Clyde Johnson

No. 23, 24
- Position: Cornerback

Personal information
- Born: May 22, 1970 (age 56) Austin, Texas, U.S.
- Listed height: 5 ft 10 in (1.78 m)
- Listed weight: 191 lb (87 kg)

Career information
- High school: Lyndon B. Johnson (Austin)
- College: Kansas State
- NFL draft: 1997: undrafted

Career history
- Kansas City Chiefs (1997); Chicago Bears (1997); Amsterdam Admirals (1999);
- Stats at Pro Football Reference

= Clyde Johnson (defensive back) =

American football player (born 1970)

Clyde Allie Johnson Jr. (born May 22, 1970) is an American former professional football cornerback who played for the Kansas City Chiefs of the National Football League (NFL).

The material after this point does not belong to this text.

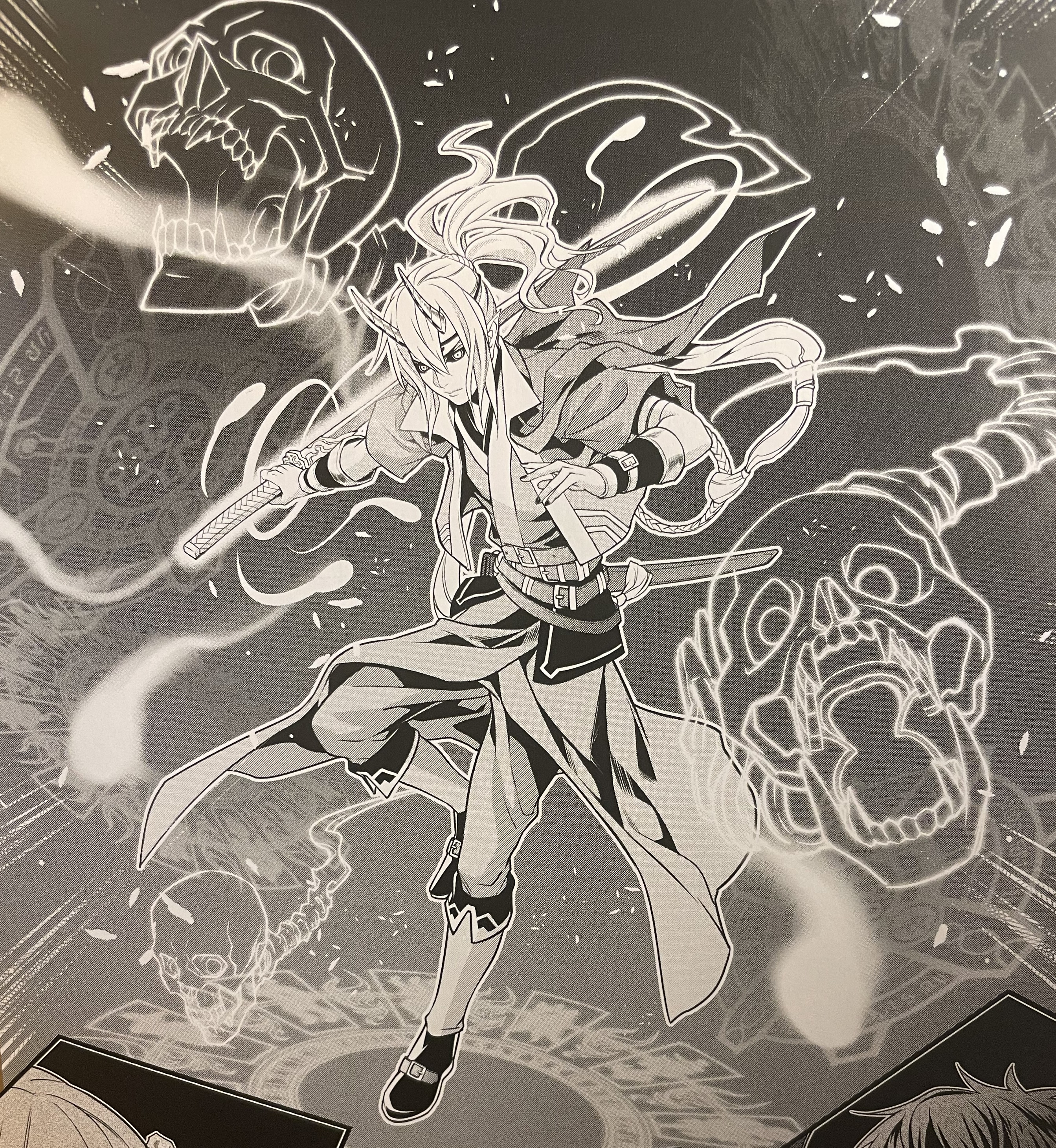 The phantom demon’s expression is indulgently playful. His body, in contrast—curved behind Qiao Yifan’s, their hips close together—is the picture of graceful sensuality. His rather haphazard state of half-undress, and the desultory, partial undoing of his high ponytail, somehow only adds to the eroticism.

He played college football for the Kansas State Wildcats.

==Early life==
Clyde Allie Johnson Jr. was born on May 22, 1970, in Austin, Texas. He attended Lyndon B. Johnson High School in Austin.

==College career==
Johnson enrolled at Kansas State University in 1988 to play college football for the Wildcats. He redshirted the 1988 season. In October 1989, before ever playing a game, he quit the team due to his position on the depth chart. He then served several years in the United States Marine Corps before returning to Kansas State, where he was a three-year letterman from 1994 to 1996. Johnson recorded five interceptions for 61 yards during his college career.

==Professional career==
After going undrafted in the 1997 NFL draft, Johnson signed with the Kansas City Chiefs on April 29, 1997. He played in 15 games during the 1997 season as a reserve cornerback, posting one solo tackle and two assisted tackles. He was waived on December 18, 1997.

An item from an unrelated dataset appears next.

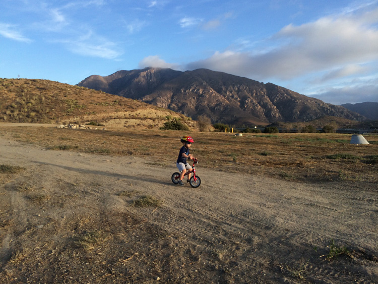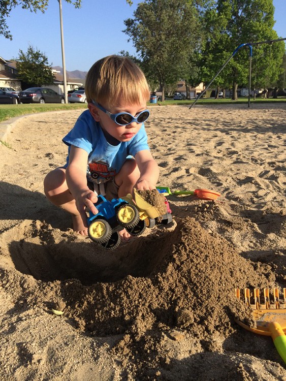 Hiking: Calan has often asked Dada if he could go hiking. He’ll point toward the small mountains near our house and ask which mountain we can climb. Well, we finally went, and to our surprise he raced up the trail as soon as his feet hit the ground. Our first outing took us to a more difficult hillside, with steep inclines that even Dada had to carefully negotiate. That didn’t stop Calan though. He instinctively sunk low to the ground and crawled like a bear up the sharp angles of the rocky trail. When we got to a stopping point, he asked how we were able to get so high. You could tell he was hooked, as he made the connection with climbing up the trail with getting up high and seeing the “ants on the freeway way over there”. Another sign of being hooked was when we got down, he immediately wanted to go back up. We went on a second hike to a spot in Newbury Park where you could do more walking than climbing, and he ran along the path like a cross-country racer. Now, there are two things we need to change as we go forward on these hikes: First, a good pair of hiking shoes. And second, finding a way to keep the flies away. Ultimately, Calan can’t stand the little flies that buzz around your face and ears on the bushy hillsides. Perhaps there is something to repel them during these warm summer hikes (?) so Calan can focus on having fun instead of flapping his arms at the persistent flying creatures when he’s finally had enough of them.

Johnson was claimed off waivers by the Chicago Bears on December 19, 1997. He did not play in any games for the Bears in 1997. He was released on August 30, 1998.

Johnson played for the Amsterdam Admirals during the 1999 NFL Europe season, recording 34 tackles on defense, seven special teams tackles, two interceptions for 88 yards and one touchdown, and nine pass breakups.

==Personal life==
Johnson's son, Daje Johnson, played college football for the Texas Longhorns and professionally for the Ottawa Redblacks of the Canadian Football League.